* _The task_:
For the material below, the expected output is exactly the lines between the line holding "Управление устройствами типа" and the line holding "广电官宣19-20上半年网剧指数,《陈情令》1,《全职》3,《时辰》5。", inclusive, with pictures left out.

* _Information supplied_:
____

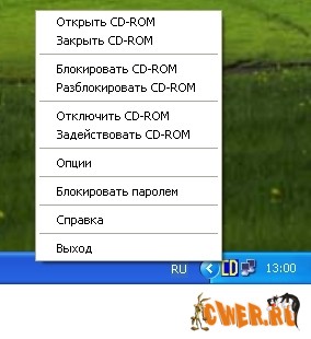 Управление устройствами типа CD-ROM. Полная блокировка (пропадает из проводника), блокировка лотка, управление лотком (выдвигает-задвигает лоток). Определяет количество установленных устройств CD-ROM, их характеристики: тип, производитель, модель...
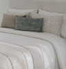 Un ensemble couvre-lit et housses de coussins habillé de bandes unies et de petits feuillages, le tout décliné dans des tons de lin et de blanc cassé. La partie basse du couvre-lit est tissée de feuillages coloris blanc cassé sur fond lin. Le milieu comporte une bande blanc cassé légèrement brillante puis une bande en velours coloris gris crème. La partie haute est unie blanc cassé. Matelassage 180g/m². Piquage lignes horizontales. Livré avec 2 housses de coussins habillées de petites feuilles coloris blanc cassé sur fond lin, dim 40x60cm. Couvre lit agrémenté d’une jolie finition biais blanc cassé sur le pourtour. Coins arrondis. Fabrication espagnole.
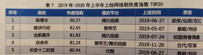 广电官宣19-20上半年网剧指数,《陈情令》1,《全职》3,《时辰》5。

____

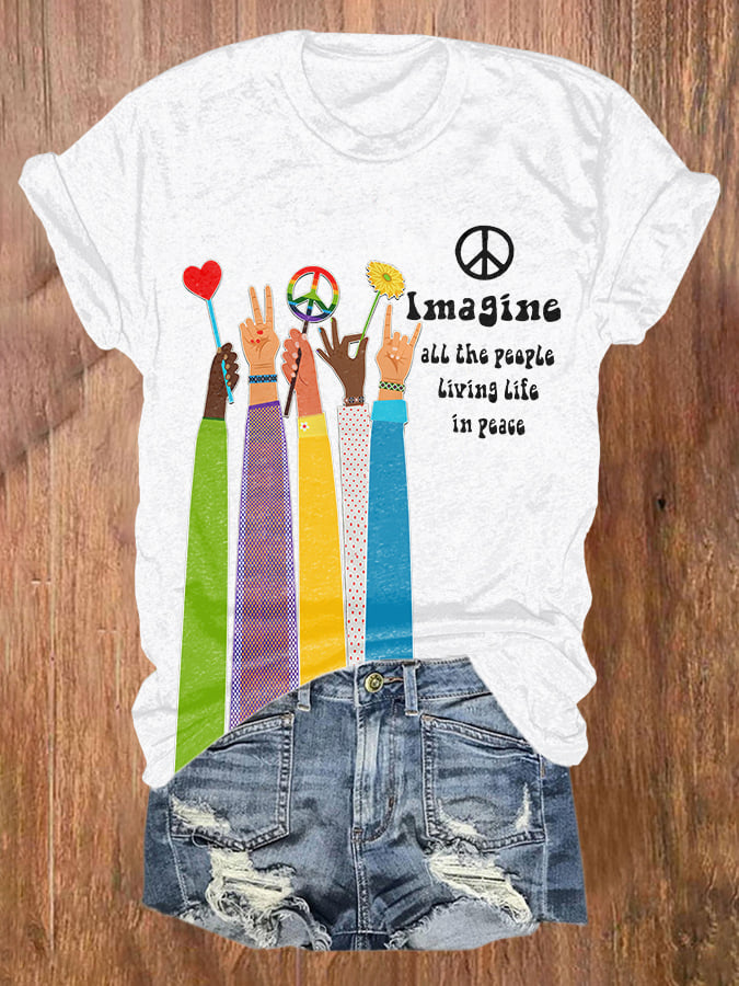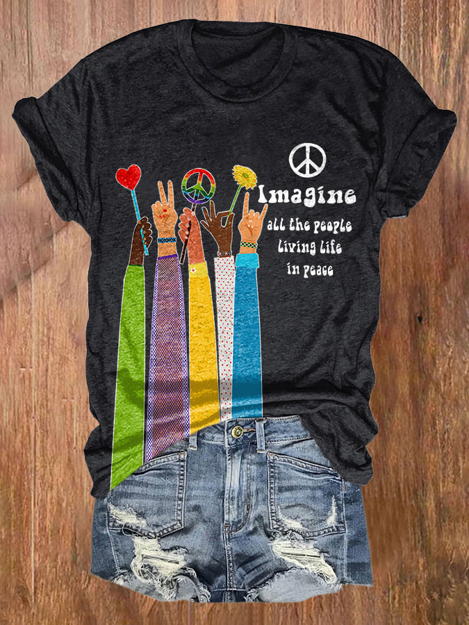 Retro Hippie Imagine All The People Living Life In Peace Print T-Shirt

____

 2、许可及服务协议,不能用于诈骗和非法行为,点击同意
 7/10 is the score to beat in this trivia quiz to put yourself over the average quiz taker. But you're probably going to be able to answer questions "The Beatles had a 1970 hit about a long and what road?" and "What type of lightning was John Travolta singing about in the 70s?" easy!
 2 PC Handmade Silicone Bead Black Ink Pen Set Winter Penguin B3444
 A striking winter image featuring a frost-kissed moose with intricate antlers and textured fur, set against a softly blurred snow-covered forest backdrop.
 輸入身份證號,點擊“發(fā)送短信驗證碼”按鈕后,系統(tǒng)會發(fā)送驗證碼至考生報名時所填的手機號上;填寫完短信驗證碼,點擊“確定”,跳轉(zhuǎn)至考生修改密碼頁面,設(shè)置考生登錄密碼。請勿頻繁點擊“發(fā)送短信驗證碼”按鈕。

____

* _Task response_:
 Управление устройствами типа CD-ROM. Полная блокировка (пропадает из проводника), блокировка лотка, управление лотком (выдвигает-задвигает лоток). Определяет количество установленных устройств CD-ROM, их характеристики: тип, производитель, модель...
 Un ensemble couvre-lit et housses de coussins habillé de bandes unies et de petits feuillages, le tout décliné dans des tons de lin et de blanc cassé. La partie basse du couvre-lit est tissée de feuillages coloris blanc cassé sur fond lin. Le milieu comporte une bande blanc cassé légèrement brillante puis une bande en velours coloris gris crème. La partie haute est unie blanc cassé. Matelassage 180g/m². Piquage lignes horizontales. Livré avec 2 housses de coussins habillées de petites feuilles coloris blanc cassé sur fond lin, dim 40x60cm. Couvre lit agrémenté d’une jolie finition biais blanc cassé sur le pourtour. Coins arrondis. Fabrication espagnole.
 广电官宣19-20上半年网剧指数,《陈情令》1,《全职》3,《时辰》5。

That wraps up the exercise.